■ DATA EXCERPTS
+ + + +

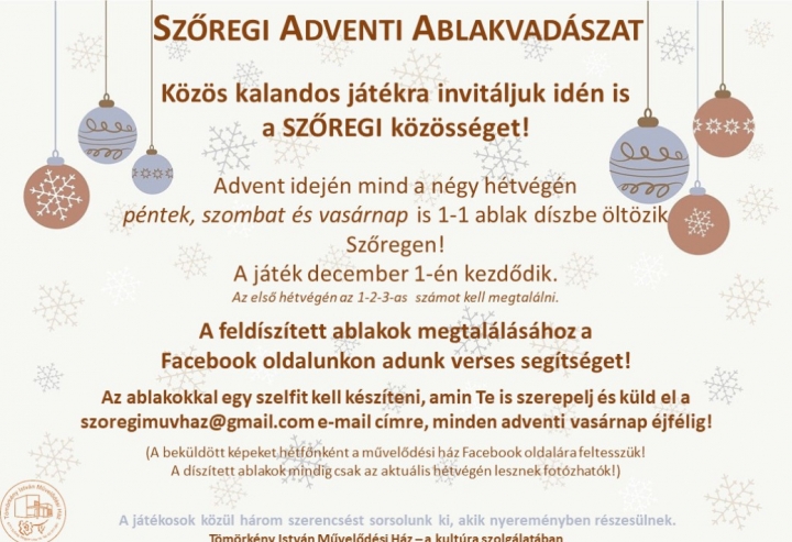 Advent idején mind a négy hétvégén péntek, szombat és vasárnap is 1-1 ablak díszbe öltözik Szőregen!
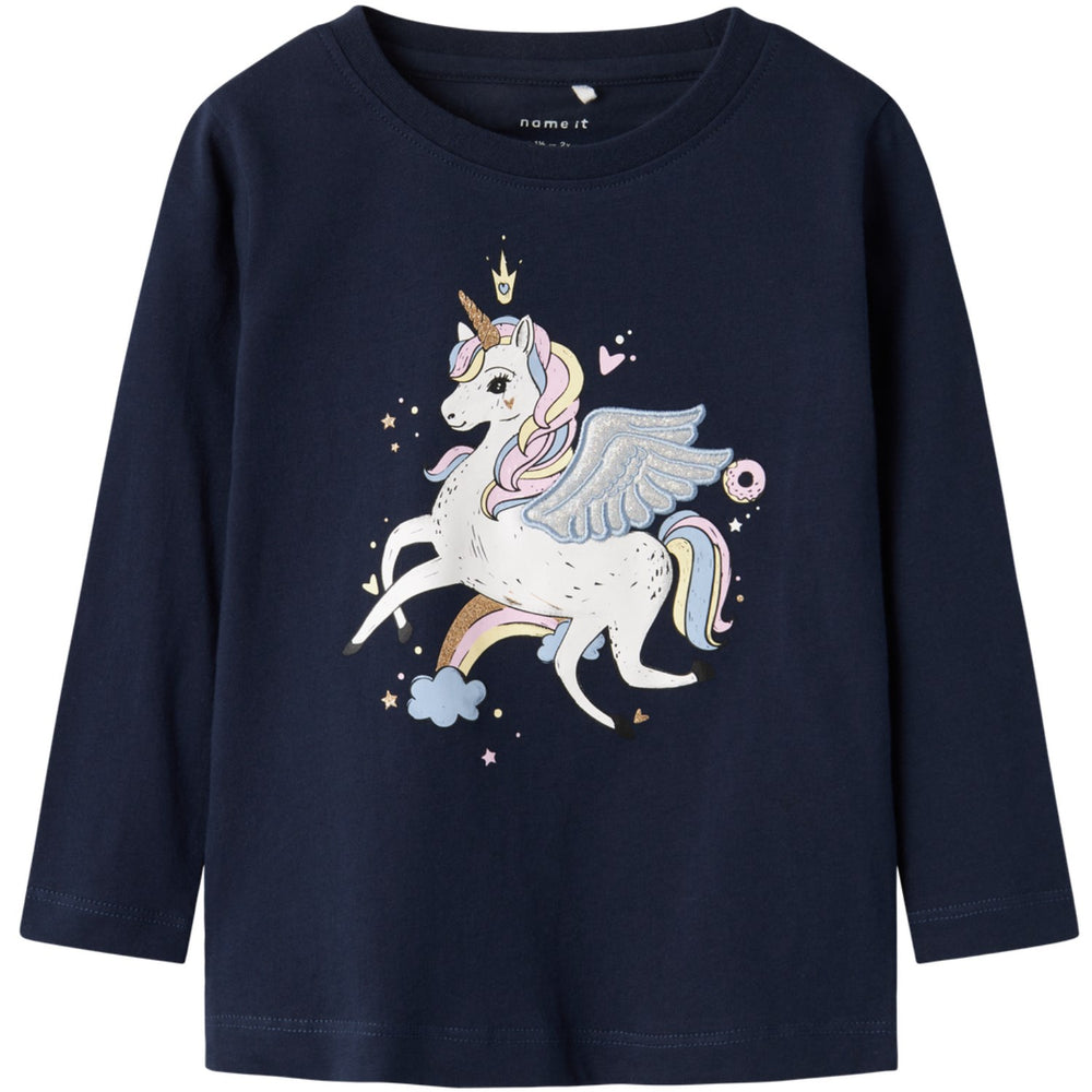 Dress your little one in style with the Name It Navy Blazer Tillie Blouse, an ideal choice for both daily wear and special events. Crafted from jersey, this top is light yet durable, providing comfort with its soft interior and stretchy material that supports all the playful activities your child might engage in. Featuring a classic round neck and long sleeves adorned with eye-catching 3D embroidery, this blouse is enhanced by a sparkling glitter print that stands out. The regular fit ensures a snug yet cozy experience, making it a wardrobe essential that is easy to maintain and perfect for any occasion.
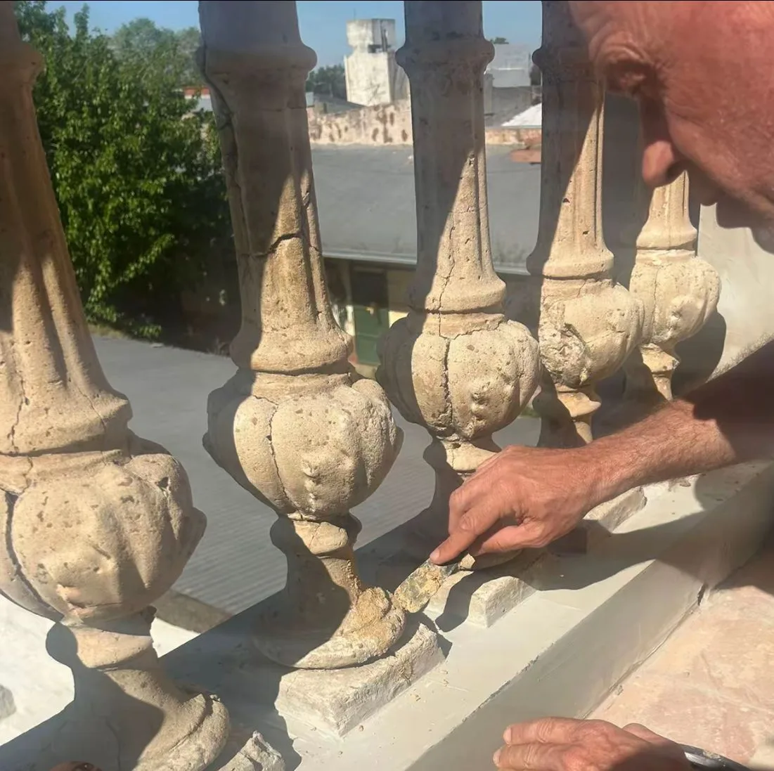 Los premoldeados faltantes serán repuestos empleando piezas de similares características obtenidas por moldeo a partir de las originales existentes en la obra. Serán resueltas en un material similar al de las originales. Se incluirá la provisión de las armaduras de refuerzo que correspondan. En todos los casos se inscribirá en las piezas de reposición una leyenda en bajorrelieve que refiera al año de ejecución (R. 2025), como marca identificatoria de la intervención.
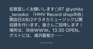 拡散宜しくお願いします⭐︎RT @yohito_teraoka: 「HMV Record shop渋谷」開店日の8/2テラオカミュージック公開収録を行います。皆さんご招待します!場所は、渋谷WWW。13:30 OPEN。ゲストには、浦沢直樹さん、そしてTHE NEATBEATS。
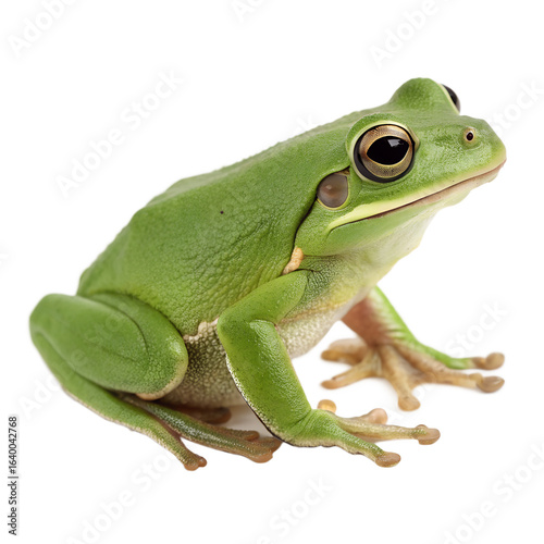 A close-up of a green tree frog sitting on a surface. The frog has smooth skin, large eyes, and a vibrant green color. It is positioned in a natural pose.
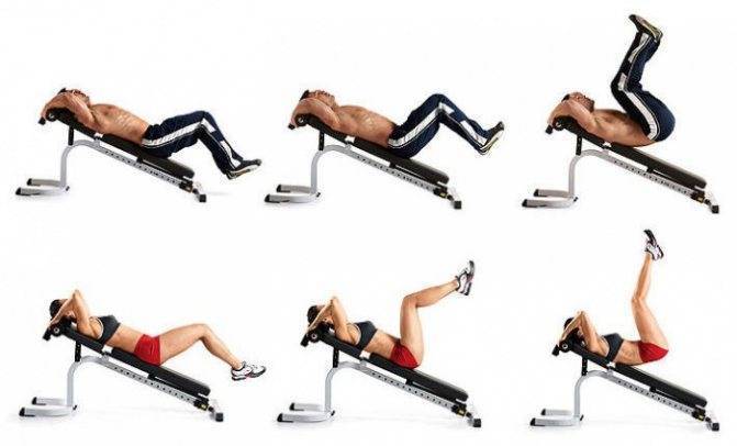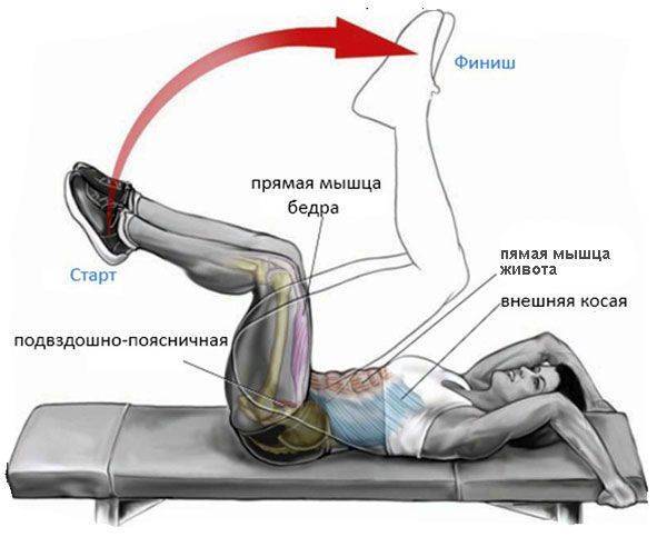 Выгибают поясничный отдел спины. Допускать этого нельзя, иначе можно просто потянуть спину. Она должна быть плотно прижатой к полу или наклонной скамье.
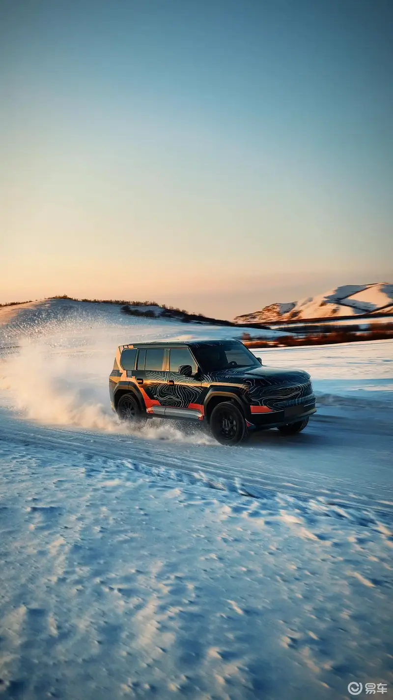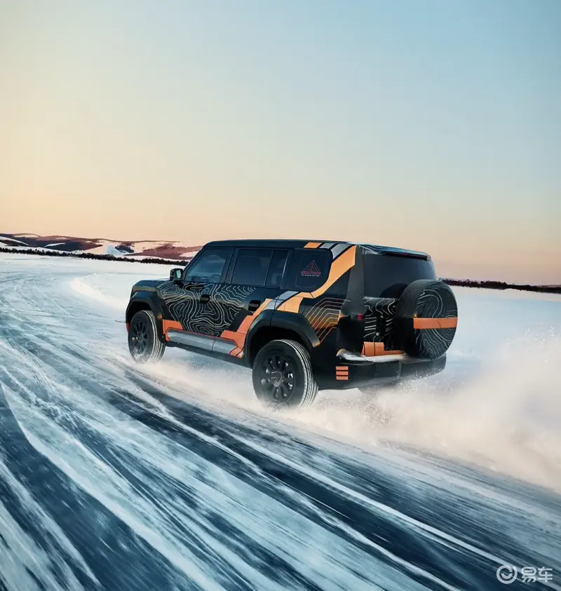 车身侧面的宽体外抛轮眉、AT越野轮胎、隐藏式机械门把手,既强化了越野属性,又优化了风阻表现;车顶前部疑似搭载激光雷达,暗示其将兼顾智能驾驶功能。
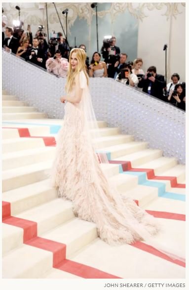 Nicole Kidman graced the 2023 Met Gala in a vintage Chanel gown, originally featured in the brand’s former Chanel N°5 advertising campaign. The beautiful blush hue, intricate feather embroidery, and veil-like shoulder streamers made it a perfect bridal-inspired outfit. The elegant dress showcased Kidman’s refined taste and sense of style, while the subtle embellishments added a touch of glamour to the overall look. It was a stunning ensemble that perfectly captured the essence of a fairytale bride.
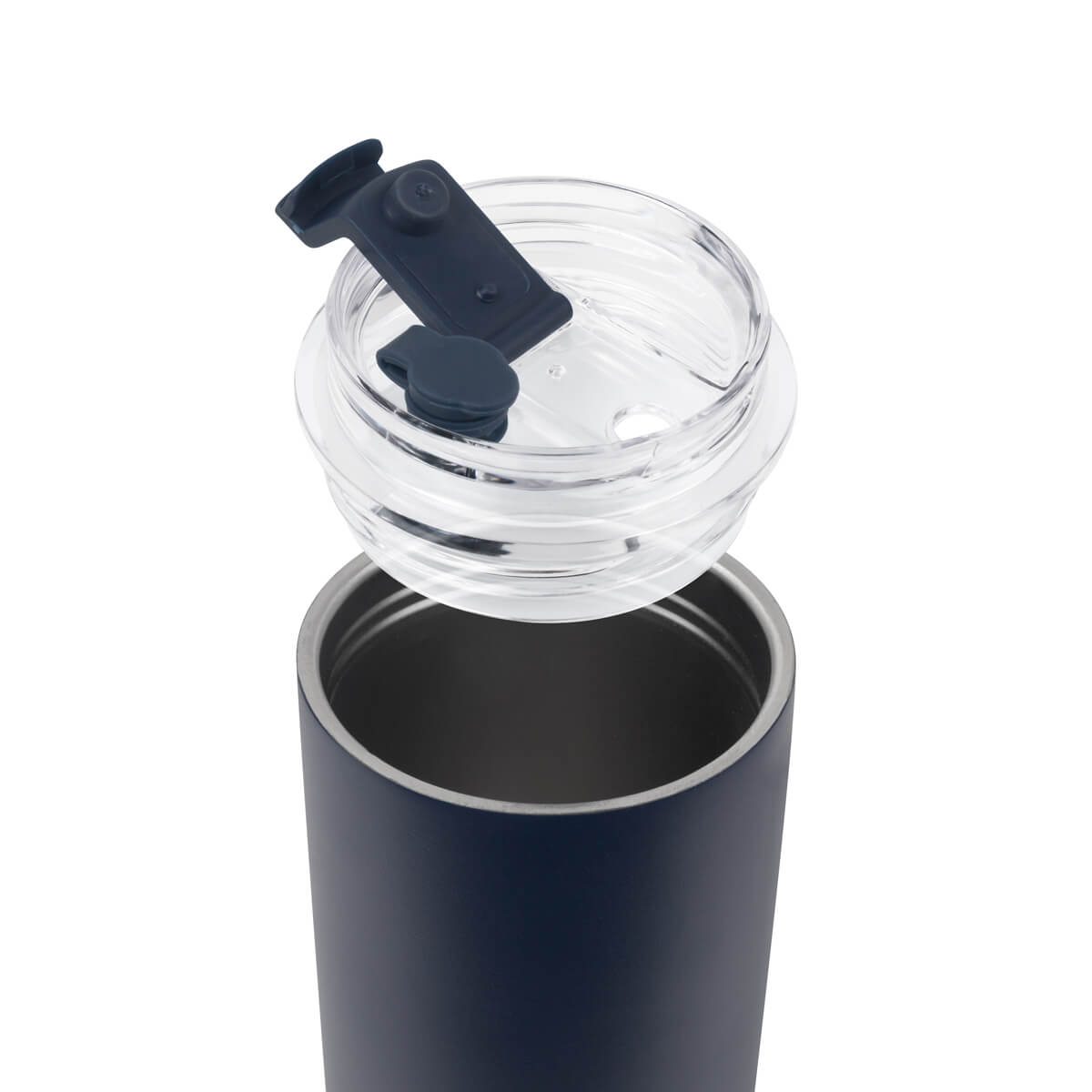Su segunda tapa, también con sistema de rosca, incluye una sobre tapa tipo push y ranura especial para popote. Mantiene temperatura caliente 6 hrs y temperatura fría 12 hrs. Capacidad 20 Oz. Incluye popote metálico con boquilla de rubber y caja de regalo.
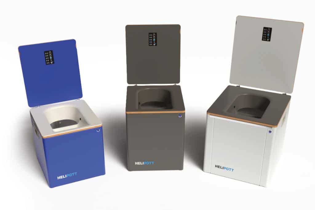 Helipott bietet mit E-Drive und Easy zwei Trockentrenntoiletten an – eine mit automatischem, eine mit manuellem Rührwerk. Das Modell E-Drive ist in drei Größen (S, M und L) mit 12- oder 24-Volt-Stromversorgung erhältlich und arbeitet vollautomatisch: Eine Intervallfunktion startet das Rührwerk regelmäßig ohne manuellen Eingriff. Optional ist die Sprüheinrichtung Magic in der Trennschale erhältlich – nach dem Schließen des Deckels wird die Schale automatisch gereinigt.
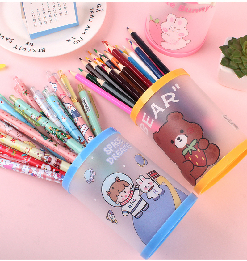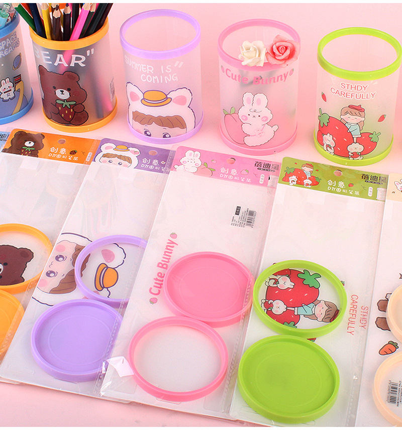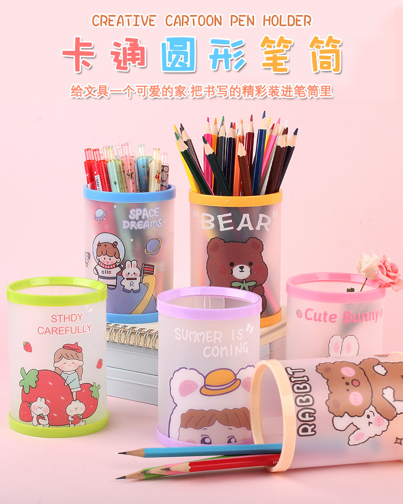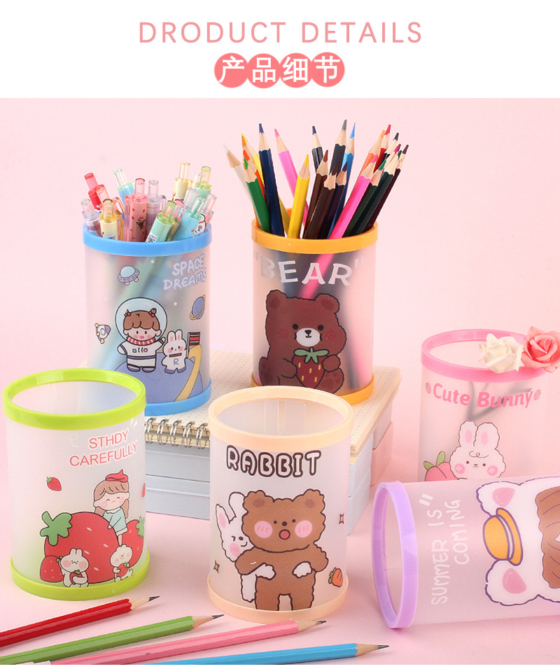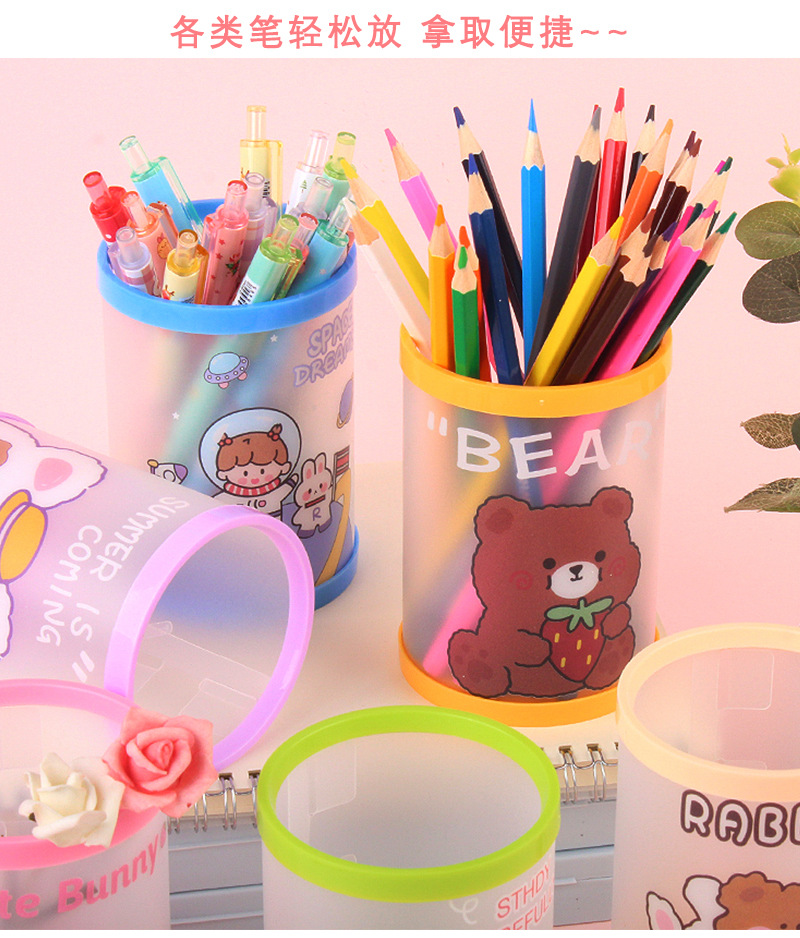 크리 에이 티브 접이식 펜 홀더 다기능 데스크탑 사무실 보관 상자 어린이 귀여운 문구 라운드 펜 배럴 만화 펜 상자

+ + + +

■ PROBLEM DETAILS
Without including any picture, repeat the data exactly.

■ EXERCISE OUTPUT
 Advent idején mind a négy hétvégén péntek, szombat és vasárnap is 1-1 ablak díszbe öltözik Szőregen!
 Dress your little one in style with the Name It Navy Blazer Tillie Blouse, an ideal choice for both daily wear and special events. Crafted from jersey, this top is light yet durable, providing comfort with its soft interior and stretchy material that supports all the playful activities your child might engage in. Featuring a classic round neck and long sleeves adorned with eye-catching 3D embroidery, this blouse is enhanced by a sparkling glitter print that stands out. The regular fit ensures a snug yet cozy experience, making it a wardrobe essential that is easy to maintain and perfect for any occasion.
 Los premoldeados faltantes serán repuestos empleando piezas de similares características obtenidas por moldeo a partir de las originales existentes en la obra. Serán resueltas en un material similar al de las originales. Se incluirá la provisión de las armaduras de refuerzo que correspondan. En todos los casos se inscribirá en las piezas de reposición una leyenda en bajorrelieve que refiera al año de ejecución (R. 2025), como marca identificatoria de la intervención.
 拡散宜しくお願いします⭐︎RT @yohito_teraoka: 「HMV Record shop渋谷」開店日の8/2テラオカミュージック公開収録を行います。皆さんご招待します!場所は、渋谷WWW。13:30 OPEN。ゲストには、浦沢直樹さん、そしてTHE NEATBEATS。
 A close-up of a green tree frog sitting on a surface. The frog has smooth skin, large eyes, and a vibrant green color. It is positioned in a natural pose.
 Выгибают поясничный отдел спины. Допускать этого нельзя, иначе можно просто потянуть спину. Она должна быть плотно прижатой к полу или наклонной скамье.
 车身侧面的宽体外抛轮眉、AT越野轮胎、隐藏式机械门把手,既强化了越野属性,又优化了风阻表现;车顶前部疑似搭载激光雷达,暗示其将兼顾智能驾驶功能。
 Nicole Kidman graced the 2023 Met Gala in a vintage Chanel gown, originally featured in the brand’s former Chanel N°5 advertising campaign. The beautiful blush hue, intricate feather embroidery, and veil-like shoulder streamers made it a perfect bridal-inspired outfit. The elegant dress showcased Kidman’s refined taste and sense of style, while the subtle embellishments added a touch of glamour to the overall look. It was a stunning ensemble that perfectly captured the essence of a fairytale bride.
Su segunda tapa, también con sistema de rosca, incluye una sobre tapa tipo push y ranura especial para popote. Mantiene temperatura caliente 6 hrs y temperatura fría 12 hrs. Capacidad 20 Oz. Incluye popote metálico con boquilla de rubber y caja de regalo.
 Helipott bietet mit E-Drive und Easy zwei Trockentrenntoiletten an – eine mit automatischem, eine mit manuellem Rührwerk. Das Modell E-Drive ist in drei Größen (S, M und L) mit 12- oder 24-Volt-Stromversorgung erhältlich und arbeitet vollautomatisch: Eine Intervallfunktion startet das Rührwerk regelmäßig ohne manuellen Eingriff. Optional ist die Sprüheinrichtung Magic in der Trennschale erhältlich – nach dem Schließen des Deckels wird die Schale automatisch gereinigt.
 크리 에이 티브 접이식 펜 홀더 다기능 데스크탑 사무실 보관 상자 어린이 귀여운 문구 라운드 펜 배럴 만화 펜 상자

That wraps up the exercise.